Embryos were washed three times in PBS that contained 0.1% BSA, 0.1% Tween-20, and 0.2% (w/v) sodium azide (washing buffer), fixed with 2% (w/v) paraformaldehyde (Sigma) for 30 min, and then permeabilized with 2% paraformaldehyde plus 0.3% Tween-20 (Sigma) at room temperature for 30 min. Embryos were washed three times in washing buffer, blocked in 2% BSA and 30% serum for 3 h, and stained overnight at 4°C with the following primary antibodies: a) rabbit anti-PLCG1 polyclonal antibody raised against amino acids 530–850 of rat origin (sc-426, final concentration of 10 µg/ml; Santa Cruz Biotechnology, Santa Cruz, CA); b) anti-phospho(Ser473)-AKT (193H12) rabbit monoclonal antibody (final concentration of 2 µg/ml; Cell Signaling Technology, Danvers, MA); or c) an equivalent concentration of nonimmune immunoglobulin. Embryos were washed thoroughly three times for 10 min each in 1x PBS and incubated with a 1:200 dilution of goat anti-rabbit FITC-conjugated IgG secondary antibody (Sigma).
Embryos were collected fresh from the reproductive tract. The embryos were washed three times in cold PBS (Ca2+- and Mg2+-free Dulbecco PBS [Sigma]) and then transferred in a minimal volume to 30 µl of PCR buffer (50 mM KCl, 15 mM Tris-HCl [pH 8.0]) in diethyl pyrocarbonate (DEPC; Sigma)-treated MilliQ water that contained 1 IU of RNase inhibitor (Applied Biosystems, Foster City, CA).

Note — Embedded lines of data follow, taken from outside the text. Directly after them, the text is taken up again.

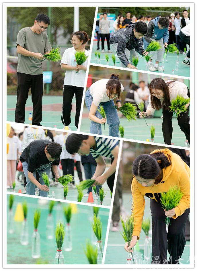 篮球场变身耕田,师生们在“自留地”上又快又准地将“秧苗”插入“田地”。大家在运动项目中体验农耕文化,感受劳动艰辛。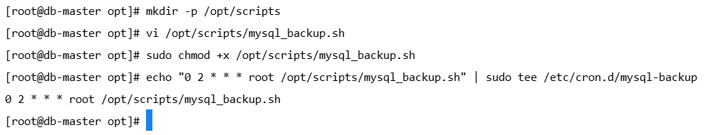 echo "0 2 * * * root /opt/scripts/mysql_backup.sh" | sudo tee /etc/cron.d/mysql-backup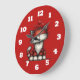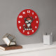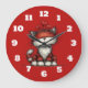 A clock with a whimsical drawing featuring a big orange red kitty cat.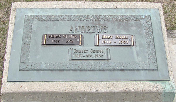 Birth Born on August 08, 1912 in Alberta, Canada Death Died on June 09, 1992 in Red Deer, Red Deer Co., AB Buried in Queen's Park Cemetery and Mausoleum in Calgary, Calgary Region, AB Marriages SMITH, Mary Isabel Children ANDREWS, Robert George: 1952 - 1952 Notes Occupation: Bank Teller Bank of Montreal Sources Mormons: https://www.familysearch.org/en/tree/person/details/G2MG-1YY Images George & Mary (Smith) & Robert Andrews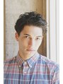 ショートレイヤーベースです。サイドを刈り上げない程度に短くし、くせによるニュアンスウェーブがワイルドさを演出。ダンディな方にも人気のスタイルです。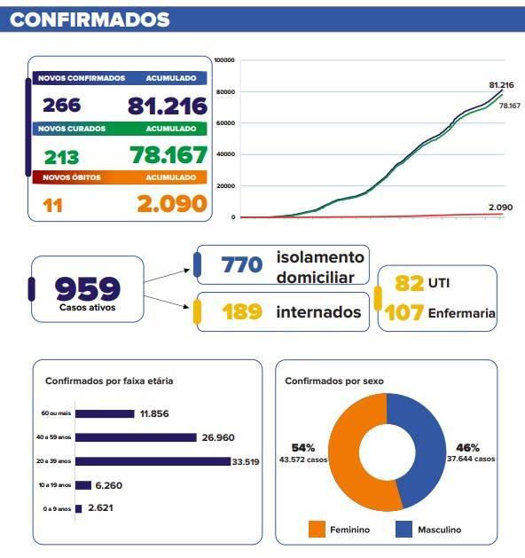 Foram registrados 266 novos casos nas últimas 24 horas e o município chegou a 81.216 confirmações. Londrina soma ainda 959 pessoas infectadas e com o vírus ativo. Desse total, 770 estão em isolamento domiciliar e 189 internados - 107 na enfermaria e 82 na Unidade de Terapia Intensiva (UTI).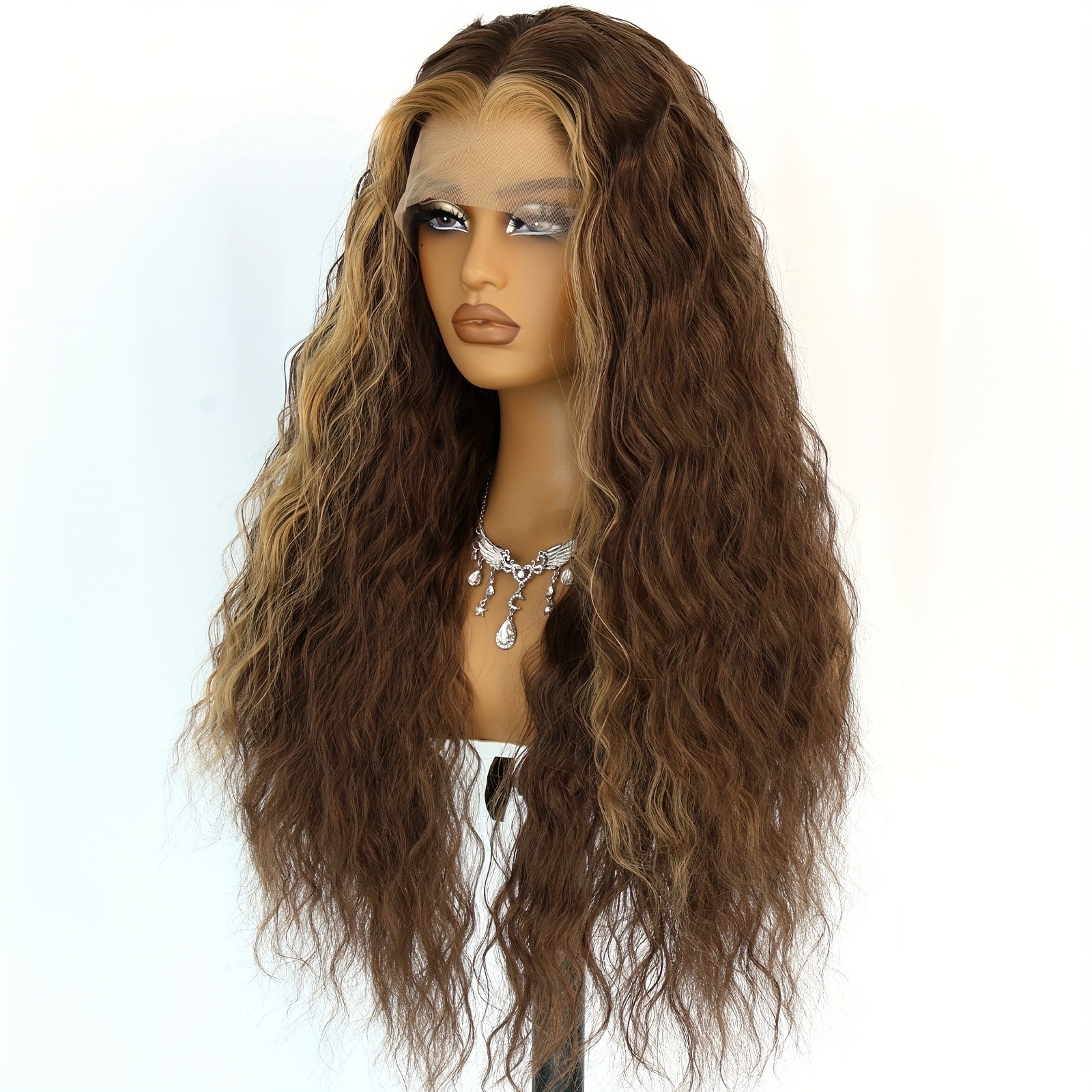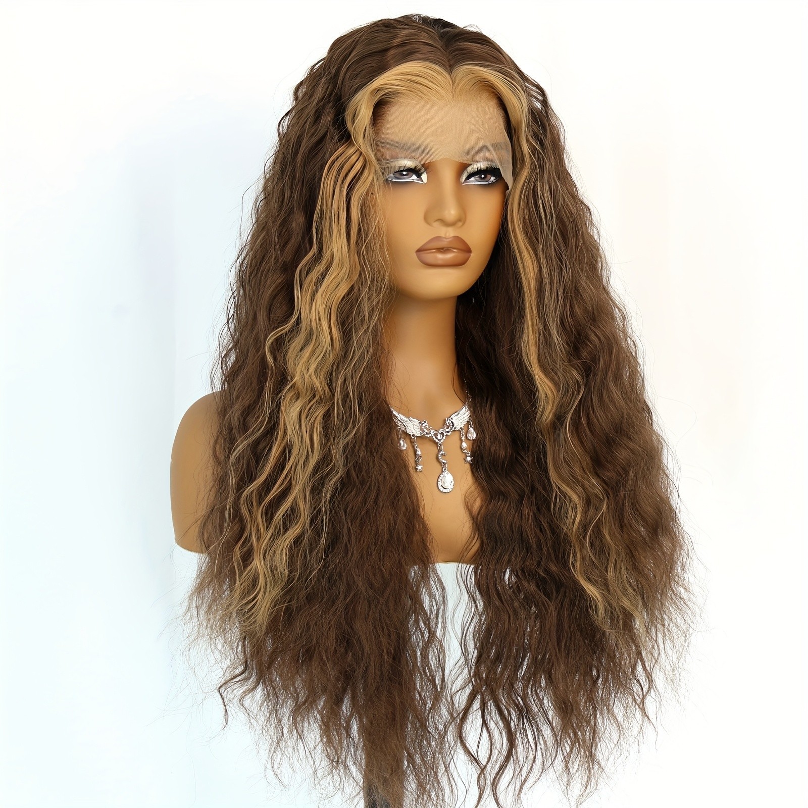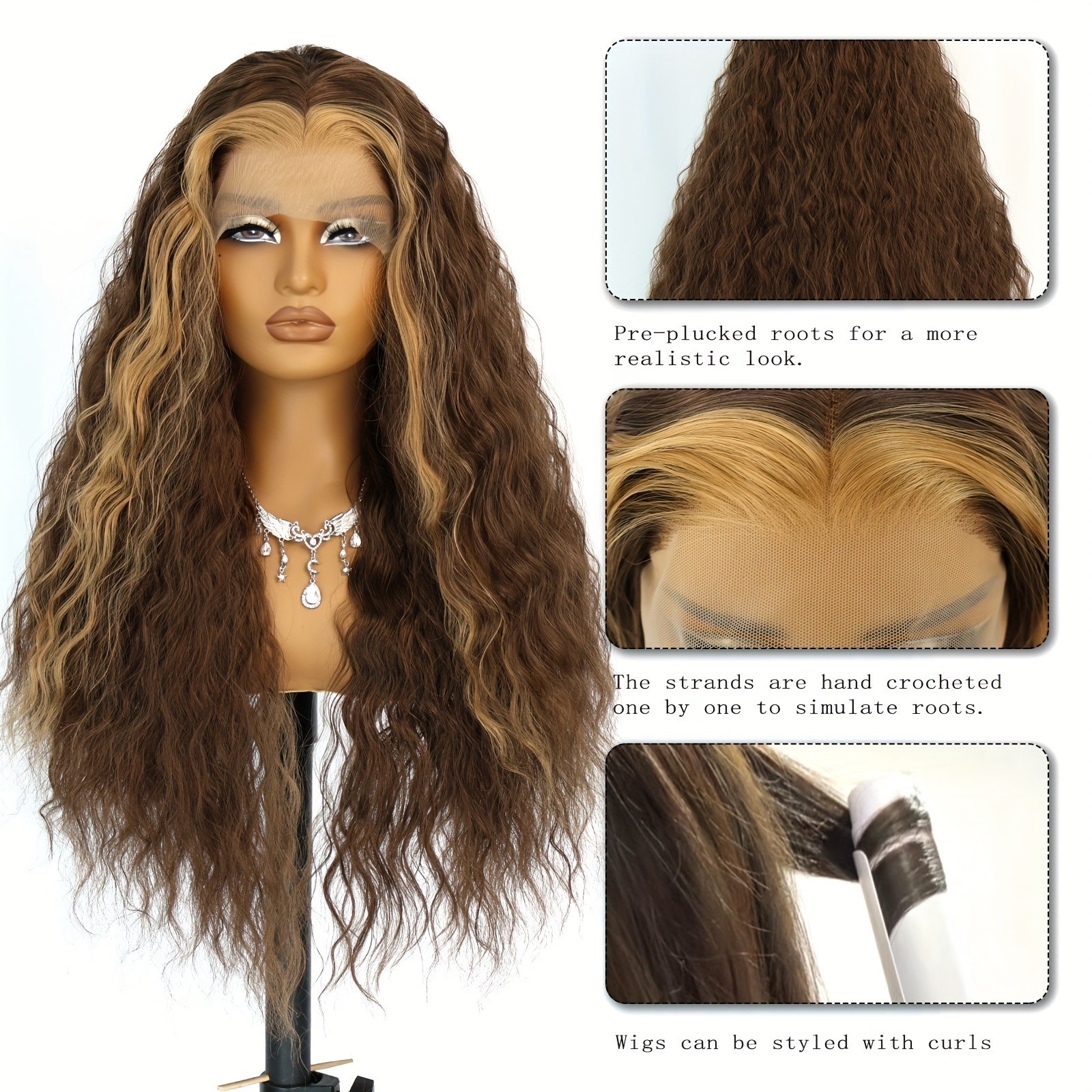 как выглядит Brown Blonde Highlights Loose Curly Glueless Lace Front Wigs Pre Plucked Women фото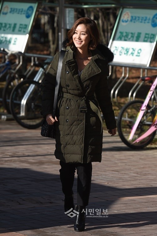 김성령은 화이트 브이넥, 블랙 컬러의 팬츠와 부티 여기에 올리브색 컬러의 버버리 패딩으로 편안하면서도 고급스러운 하객 패션을 선보였다.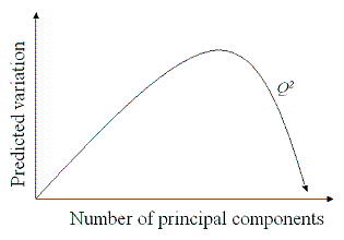 The quantity used to find the optimal complexity of a PC model is the predicted variation Q2. As we add more and more components to the PC model, Q2 increases. However, this trend gives way to a decrease in Q2 if we add more components beyond a certain point. The point of inflation in the value of Q2 provides an estimate of C.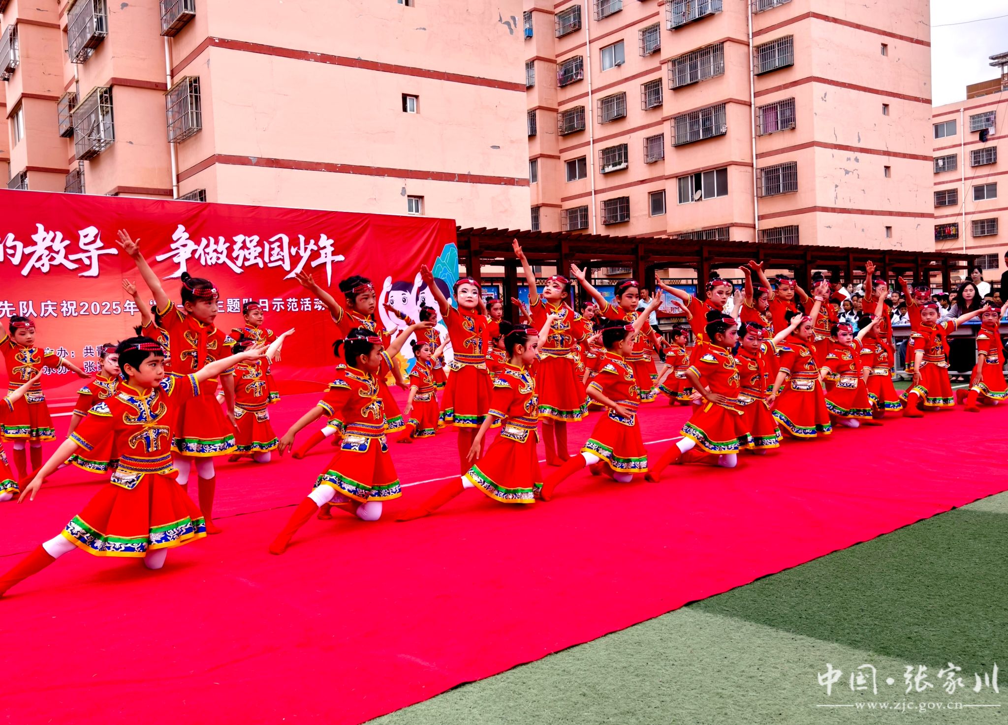 在活动中,少先队员们还带来了精彩的文艺表演,童真与活力交织绽放。一年级的小朋友化作《草原小骏马》,奔腾出稚嫩的朝气,怀揣着《我的科技梦》奔向未来;二年级的孩子们踏着《采茶声声》的韵律,用轻快的舞步演绎田园诗意,俏皮回答《答对了》的童真趣味。三年级少年舞动《风起特斯河·旗舞正少年》,尽显豪迈风采,尤其是别出心裁的《环保时装秀》,展现了孩子们的创意与环保理念,掌声与欢呼声燃爆全场。四年级组带领大家《重返90年代》,重温经典,更以《向快乐出发》《青春再出发》的昂扬舞姿,奏响青春序曲。五年级的同学们霸气登场,化身《我乃哪吒三太子》,秀出《中国范串烧》,以自信步伐诠释谁才是《这条街最靓的仔》。最后,校合唱团用纯净歌声唱响《布谷鸟》,为这场精彩纷呈的演出画上圆满句号,共同谱写属于孩子们的欢乐“六一”乐章!

The embryos were lyzed by three cycles of freezing in liquid nitrogen and thawing (with vortexing), and subjected to reverse transcriptase-polymerase chain reaction (RT-PCR). Reverse transcription was performed in 12.5 U of murine leukemia virus reverse transcriptase (MuLV), 1 U RNase inhibitor, 4 mM MgCl2, 50 mM KCl, 15 mM Tris-HCl (pH 8.0), 0.5 mM dNTPs (Applied Biosystems), 1.5 µM allele-specific reverse primer. The reactions were incubated for 10 min at room temperature, 30 min at 42°C, and 2 min at 99°C. Two negative controls were included: without reverse transcriptase enzyme, and without template, to test for extraneous RNA and DNA contamination, respectively. The PCR mixture contained 3 µl cDNA template, 1.5 µl Amplitaq Gold DNA polymerase, 4 mM MgCl2, 50 mM KCl, 15 mM Tris-HCl (pH 8.0), .5 mM dNTPs, 5% dimethylsulfoxide (DMSO; Sigma), and 1.5 µM each of the gene-specific primers. The reactions were incubated for 10 min at 94°C, followed by 40 cycles of 15 s at 94°C and 1 min at 58°C in a Corbett Thermal Reactor. The PCR products were analyzed by electrophoresis on a 2% (w/v) agarose gel that was stained with ethidium bromide, to visualize the products on a UV transilluminator. The DNA fragments were verified by size and the products were extracted and sequenced (SUPAMAC, Redfern, NSW, Australia), to confirm they were from the target genes.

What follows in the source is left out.